Cloud Storage Best Practices:

Use consolidated metadata to reduce latency: zarr.consolidate_metadata(store)
Align chunk sizes with cloud object sizing (typically 5-100 MB optimal)
Enable parallel writes using Dask for large-scale data
Consider sharding to reduce number of objects

Groups and Hierarchies

Groups organize multiple arrays hierarchically, similar to directories or HDF5 groups.

Creating and Using Groups

# Create root group
root = zarr.group(store='data/hierarchy.zarr')

# Create sub-groups
temperature = root.create_group('temperature')
precipitation = root.create_group('precipitation')

# Create arrays within groups
temp_array = temperature.create_array(
    name='t2m',
    shape=(365, 720, 1440),
    chunks=(1, 720, 1440),
    dtype='f4'
)

precip_array = precipitation.create_array(
    name='prcp',
    shape=(365, 720, 1440),
    chunks=(1, 720, 1440),
    dtype='f4'
)

# Access using paths
array = root['temperature/t2m']

# Visualize hierarchy
print(root.tree())
# Output:
# /
#  ├── temperature
#  │   └── t2m (365, 720, 1440) f4
#  └── precipitation
#      └── prcp (365, 720, 1440) f4

Group API (v3)

Use create_array / require_array (h5py-style create_dataset / require_dataset were removed in v3):

root = zarr.group('data.zarr')
arr = root.create_array('my_data', shape=(1000, 1000), chunks=(100, 100), dtype='f4')

grp = root.require_group('subgroup')
arr2 = grp.require_array('array', shape=(500, 500), chunks=(50, 50), dtype='i4')

Attributes and Metadata

Attach custom metadata to arrays and groups using attributes:

# Add attributes to array
z = zarr.zeros((1000, 1000), chunks=(100, 100))
z.attrs['description'] = 'Temperature data in Kelvin'
z.attrs['units'] = 'K'
z.attrs['created'] = '2024-01-15'
z.attrs['processing_version'] = 2.1

# Attributes are stored as JSON
print(z.attrs['units'])  # Output: K

# Add attributes to groups
root = zarr.group('data.zarr')
root.attrs['project'] = 'Climate Analysis'
root.attrs['institution'] = 'Research Institute'

# Attributes persist with the array/group
z2 = zarr.open('data.zarr')
print(z2.attrs['description'])

Important: Attributes must be JSON-serializable (strings, numbers, lists, dicts, booleans, null).
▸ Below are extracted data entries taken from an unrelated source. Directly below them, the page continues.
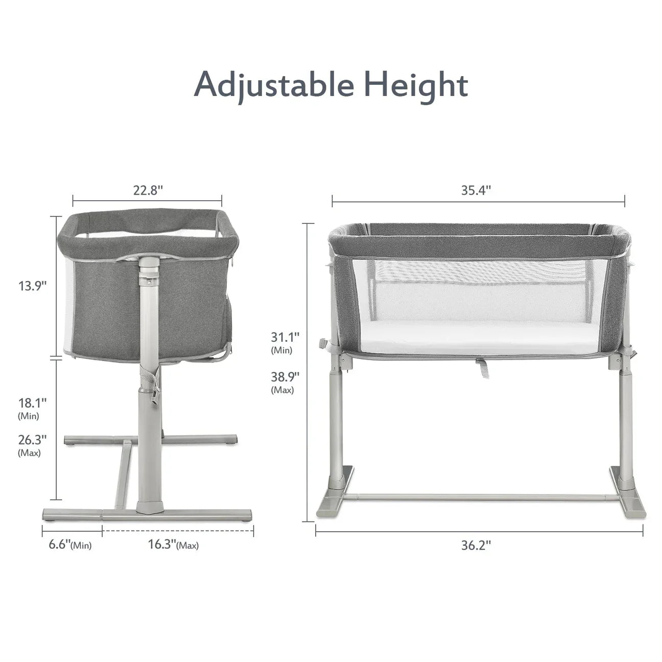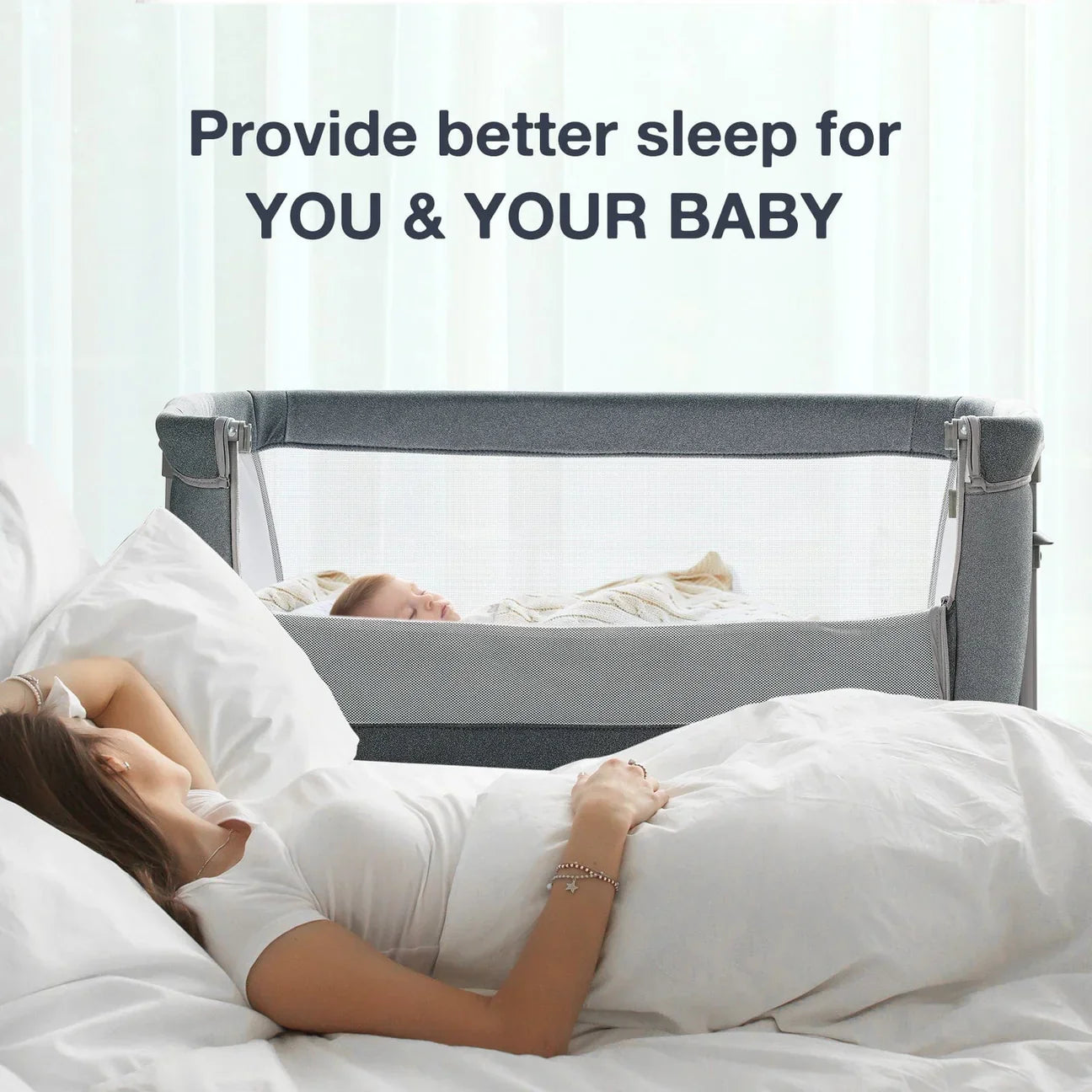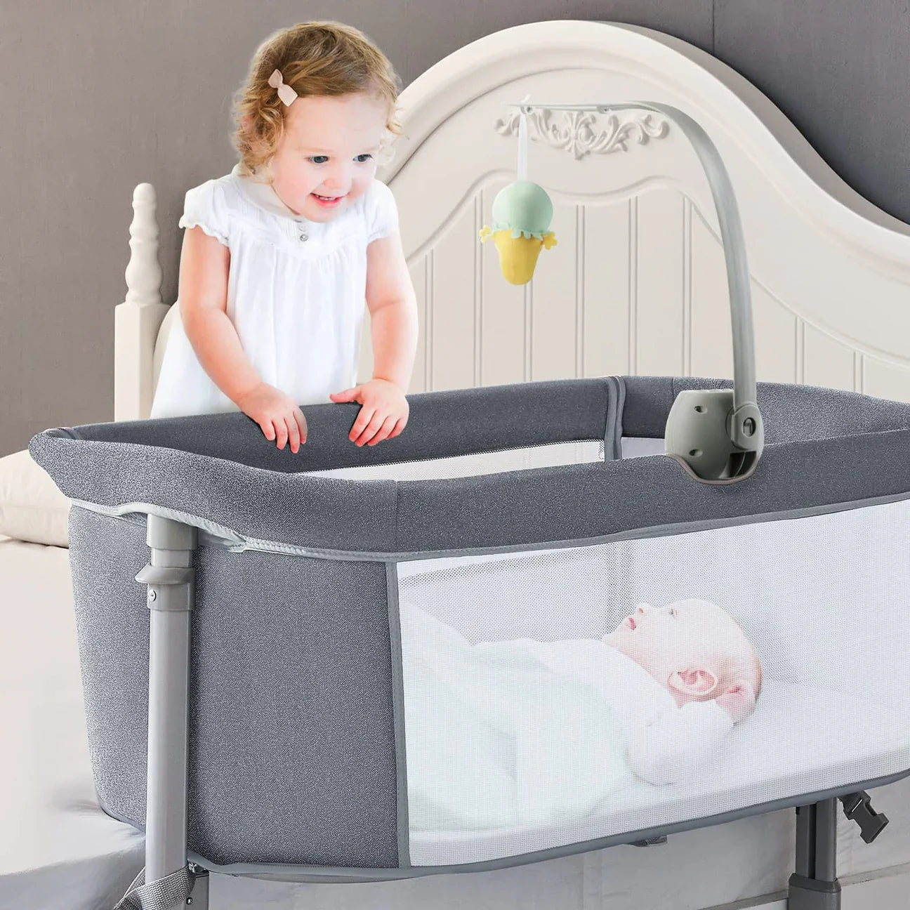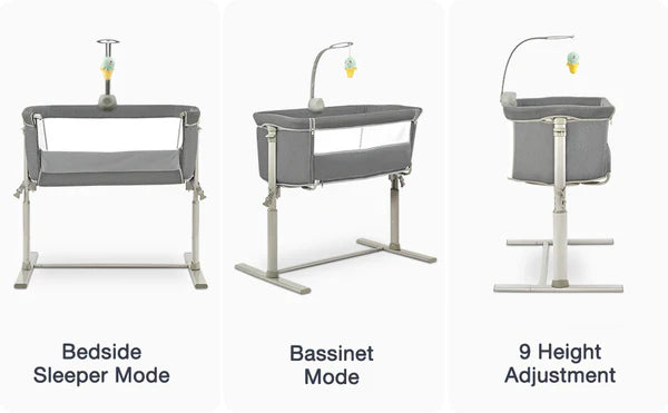 يمكن استخدام وضعين كسرير مستقل وكسرير نوم بجانب السرير، متصل بسرير الكبار. تسمح الشبكة ذات الوجهين للآباء بمراقبة حالة الطفل بوضوح في المهد في أي وقت، مما يضمن الحمل الحراري للهواء. مزود بعجلات عالمية تسمح لك بنقل السرير من غرفة النوم إلى غرفة المعيشة أو المطبخ أو أي مكان في المنزل بشكل مريح. تركيب سريع وسهل، لا حاجة لأي أدوات أثناء التجميع، يمكن إكماله في 3 دقائق. تم تصميم سرير الأطفال بجانب السرير من إطار ألومنيوم عالي القوة وهيكل صلب وقاعدة ثابتة مدعومة لضمان عدم إمالة السرير إلى جانب واحد.
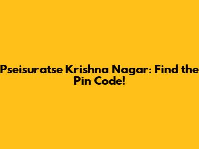 Pseisuratse Krishna Nagar: Find The Pin Code!
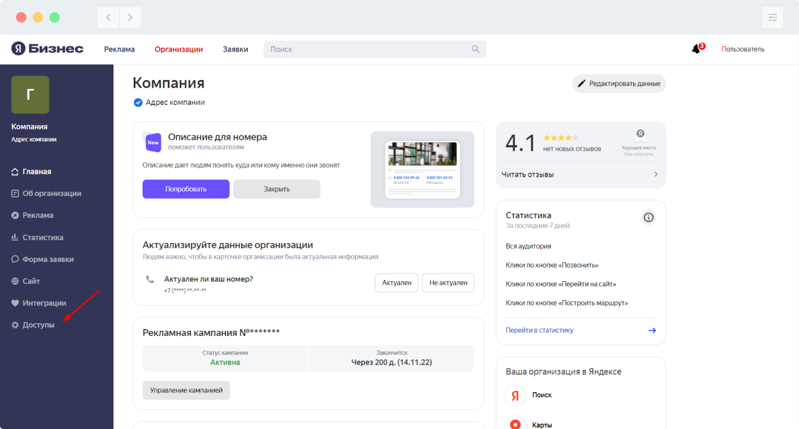 Важно! Обязательно сообщите в Getloyalty о предоставлении доступа, указав в сообщении название компании и филиала, для того, чтобы мы завершили настройку на своей стороне. После чего, вы сможете отвечать на отзывы, опубликованные на Яндекс, через платформу Getloyalty.
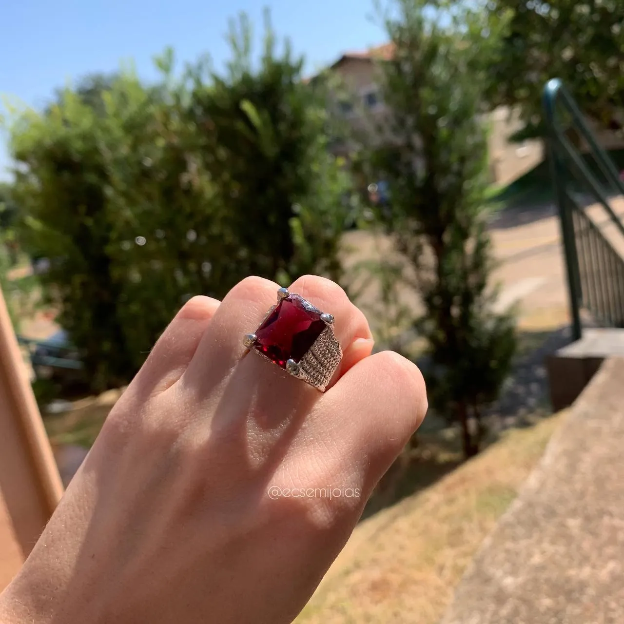 Anel com filetes bombardeado e pedra - banhado a ródio brancoConfira opiniões e avaliações de clientes!

Integration with NumPy, Dask, and Xarray

NumPy Integration

Zarr arrays implement the NumPy array interface:

import numpy as np
import zarr

z = zarr.zeros((1000, 1000), chunks=(100, 100))

# Use NumPy functions directly
result = np.sum(z, axis=0)  # NumPy operates on Zarr array
mean = np.mean(z[:100, :100])

# Convert to NumPy array
numpy_array = z[:]  # Loads entire array into memory

Dask Integration

Dask provides lazy, parallel computation on Zarr arrays:

import dask.array as da
import zarr

# Create large Zarr array
z = zarr.open('data.zarr', mode='w', shape=(100000, 100000),
              chunks=(1000, 1000), dtype='f4')

# Load as Dask array (lazy, no data loaded)
dask_array = da.from_zarr('data.zarr')

# Perform computations (parallel, out-of-core)
result = dask_array.mean(axis=0).compute()  # Parallel computation

# Write Dask array to Zarr
large_array = da.random.random((100000, 100000), chunks=(1000, 1000))
da.to_zarr(large_array, 'output.zarr')

Benefits:

Process datasets larger than memory
Automatic parallel computation across chunks
Efficient I/O with chunked storage

Xarray Integration

Xarray provides labeled, multidimensional arrays with Zarr backend:

import xarray as xr
import zarr

# Open Zarr store as Xarray Dataset (lazy loading)
ds = xr.open_zarr('data.zarr')

# Dataset includes coordinates and metadata
print(ds)

# Access variables
temperature = ds['temperature']

# Perform labeled operations
subset = ds.sel(time='2024-01', lat=slice(30, 60))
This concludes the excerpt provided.